Inflation Rate: 2020 - 2024
Fed Funds Rate: 2021 and beyond
Politics and the Stock Market
We are in the midst of another contentious presidential cycle. Our country has become increasingly partisan, and the political divisions that exist can lead some investors to feel as if their financial success is contingent upon their preferred candidate or political party prevailing. However, mixing long-term investment strategy with partisan politics rarely succeeds. As you can see from the chart below, in both Democratic and Republican administrations, stocks have advanced and in most instances the value of the stock market is higher at the end of either party’s tenure in office.
Forward looking
Stock Market Outlook
As the market continues to make new highs seemingly on a daily basis it is inevitable that price becomes stretched relative to the earnings that companies are able to generate. We frequently incorporate the chart on the next page into our analysis of whether the stock market is over or under-valued. This chart is a favorite because it clearly contrasts price and earnings growth. When the light blue line, which is the S&P 500 price, stretches above the dark blue line, which is earnings growth, it is illustrating that the market is becoming increasingly overvalued. The opposite is true when the light blue line falls beneath the darker line.
Bond Market Outlook
The bond market and interest rates have an inverse relationship, which means that when interest rates increase, bond prices fall, and when interest rates decrease, bond prices rise. The inverse relationship becomes more pronounced with longer term bonds. With the first interest rate cut in September, and the expectation of more in the coming months, it seems that bond prices have a strong chance of increasing in the future. In that environment, longer term bonds will be more profitable than shorter-term bonds. Additionally, as interest rates increased during 2022 and 2023, we utilized more fixed rate investments, such as CD’s and Treasury bonds. With lower interest rates and the probability of further declines, it is our expectation that we will incorporate less CD’s and Treasury bonds and invest in more intermediate and long-term bond funds or ETFs.

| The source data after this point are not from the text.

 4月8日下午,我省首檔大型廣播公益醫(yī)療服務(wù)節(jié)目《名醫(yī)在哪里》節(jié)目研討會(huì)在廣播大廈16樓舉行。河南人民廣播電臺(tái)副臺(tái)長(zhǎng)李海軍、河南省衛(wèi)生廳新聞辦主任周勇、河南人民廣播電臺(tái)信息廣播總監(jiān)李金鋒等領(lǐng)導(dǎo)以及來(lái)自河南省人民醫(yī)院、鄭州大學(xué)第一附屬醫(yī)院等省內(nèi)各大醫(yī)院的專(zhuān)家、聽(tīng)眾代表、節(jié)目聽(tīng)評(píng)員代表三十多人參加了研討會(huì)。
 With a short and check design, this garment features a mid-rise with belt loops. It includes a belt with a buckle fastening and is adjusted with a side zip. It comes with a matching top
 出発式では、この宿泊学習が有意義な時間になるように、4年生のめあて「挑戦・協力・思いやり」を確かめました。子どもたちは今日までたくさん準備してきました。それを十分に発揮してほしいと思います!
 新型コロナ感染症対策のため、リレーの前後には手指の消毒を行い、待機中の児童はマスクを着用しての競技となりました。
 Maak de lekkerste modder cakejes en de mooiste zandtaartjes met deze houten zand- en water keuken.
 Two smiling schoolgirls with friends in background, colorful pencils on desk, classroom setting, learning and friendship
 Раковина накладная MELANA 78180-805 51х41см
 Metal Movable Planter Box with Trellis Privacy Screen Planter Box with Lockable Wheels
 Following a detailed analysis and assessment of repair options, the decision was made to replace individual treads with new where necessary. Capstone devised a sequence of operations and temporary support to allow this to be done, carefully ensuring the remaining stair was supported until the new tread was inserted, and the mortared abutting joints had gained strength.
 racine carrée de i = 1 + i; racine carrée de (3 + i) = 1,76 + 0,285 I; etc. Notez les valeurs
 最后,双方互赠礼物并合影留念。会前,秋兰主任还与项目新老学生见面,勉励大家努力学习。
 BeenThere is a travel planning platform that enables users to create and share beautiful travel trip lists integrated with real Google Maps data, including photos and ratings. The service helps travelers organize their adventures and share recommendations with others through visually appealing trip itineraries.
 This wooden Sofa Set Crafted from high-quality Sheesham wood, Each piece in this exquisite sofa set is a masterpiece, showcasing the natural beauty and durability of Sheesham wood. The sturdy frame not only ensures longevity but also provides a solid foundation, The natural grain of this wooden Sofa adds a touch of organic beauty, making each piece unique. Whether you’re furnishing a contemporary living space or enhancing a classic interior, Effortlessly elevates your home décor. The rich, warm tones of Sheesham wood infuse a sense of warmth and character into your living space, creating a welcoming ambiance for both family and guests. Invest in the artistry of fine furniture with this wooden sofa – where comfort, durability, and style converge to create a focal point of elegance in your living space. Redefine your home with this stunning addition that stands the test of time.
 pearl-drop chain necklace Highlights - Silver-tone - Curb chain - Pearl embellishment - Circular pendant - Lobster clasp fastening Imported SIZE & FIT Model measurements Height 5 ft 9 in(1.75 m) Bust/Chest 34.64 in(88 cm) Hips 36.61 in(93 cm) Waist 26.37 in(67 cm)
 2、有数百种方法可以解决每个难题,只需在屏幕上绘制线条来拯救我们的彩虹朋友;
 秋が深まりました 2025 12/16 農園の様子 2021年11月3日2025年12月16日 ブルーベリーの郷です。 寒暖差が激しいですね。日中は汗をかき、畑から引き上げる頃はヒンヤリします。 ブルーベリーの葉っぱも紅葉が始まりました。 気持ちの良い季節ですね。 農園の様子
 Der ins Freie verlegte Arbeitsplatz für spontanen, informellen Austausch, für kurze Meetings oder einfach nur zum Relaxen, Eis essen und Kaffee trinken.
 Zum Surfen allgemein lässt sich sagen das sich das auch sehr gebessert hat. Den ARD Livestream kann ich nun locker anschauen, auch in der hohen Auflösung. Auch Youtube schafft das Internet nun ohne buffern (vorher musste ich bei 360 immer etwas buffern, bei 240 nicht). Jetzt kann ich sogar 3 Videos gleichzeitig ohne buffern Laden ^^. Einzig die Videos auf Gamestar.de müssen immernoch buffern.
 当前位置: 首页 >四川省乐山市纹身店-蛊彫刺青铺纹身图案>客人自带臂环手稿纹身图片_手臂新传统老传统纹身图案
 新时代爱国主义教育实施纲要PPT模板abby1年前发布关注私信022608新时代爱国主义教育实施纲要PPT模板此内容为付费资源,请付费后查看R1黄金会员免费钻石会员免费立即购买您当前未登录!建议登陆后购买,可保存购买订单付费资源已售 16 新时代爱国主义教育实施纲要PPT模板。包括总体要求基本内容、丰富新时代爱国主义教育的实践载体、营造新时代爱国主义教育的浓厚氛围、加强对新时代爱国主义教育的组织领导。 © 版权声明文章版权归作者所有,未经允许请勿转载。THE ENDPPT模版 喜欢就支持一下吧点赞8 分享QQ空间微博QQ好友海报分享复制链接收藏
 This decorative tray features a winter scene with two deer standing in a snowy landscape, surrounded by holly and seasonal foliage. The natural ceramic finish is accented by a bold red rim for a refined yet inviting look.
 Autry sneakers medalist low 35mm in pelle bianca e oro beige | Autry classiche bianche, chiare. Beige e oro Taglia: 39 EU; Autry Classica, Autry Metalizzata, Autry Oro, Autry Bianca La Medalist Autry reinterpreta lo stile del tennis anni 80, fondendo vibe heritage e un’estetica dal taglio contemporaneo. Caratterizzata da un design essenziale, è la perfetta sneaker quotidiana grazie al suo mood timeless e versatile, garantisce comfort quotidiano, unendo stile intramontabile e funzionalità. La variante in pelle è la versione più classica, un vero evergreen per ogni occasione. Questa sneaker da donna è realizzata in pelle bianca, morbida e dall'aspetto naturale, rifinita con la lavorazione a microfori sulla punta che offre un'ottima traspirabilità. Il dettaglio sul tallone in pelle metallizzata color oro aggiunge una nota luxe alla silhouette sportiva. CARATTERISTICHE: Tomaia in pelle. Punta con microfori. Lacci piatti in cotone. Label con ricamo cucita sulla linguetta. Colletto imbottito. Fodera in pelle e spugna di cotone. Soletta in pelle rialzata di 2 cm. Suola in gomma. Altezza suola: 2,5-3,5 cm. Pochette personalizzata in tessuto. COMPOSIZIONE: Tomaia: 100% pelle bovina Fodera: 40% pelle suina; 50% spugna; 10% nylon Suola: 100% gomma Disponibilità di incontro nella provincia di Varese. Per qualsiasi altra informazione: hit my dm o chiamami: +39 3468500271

The information provided is for educational and informational purposes only and does not constitute investment advice and it should not be relied on as such. It should not be considered a solicitation to buy or an offer to sell a security. It does not take into account any investor's particular investment objectives, strategies, tax status or investment horizon. You should consult your attorney or tax advisor.
The views expressed in this commentary are subject to change based on market and other conditions. These documents may contain certain statements that may be deemed forward looking statements. Please note that any such statements are not guarantees of any future performance and actual results or developments may differ materially from those projected. Any projections, market outlooks, or estimates are based upon certain assumptions and should not be construed as indicative of actual events that will occur.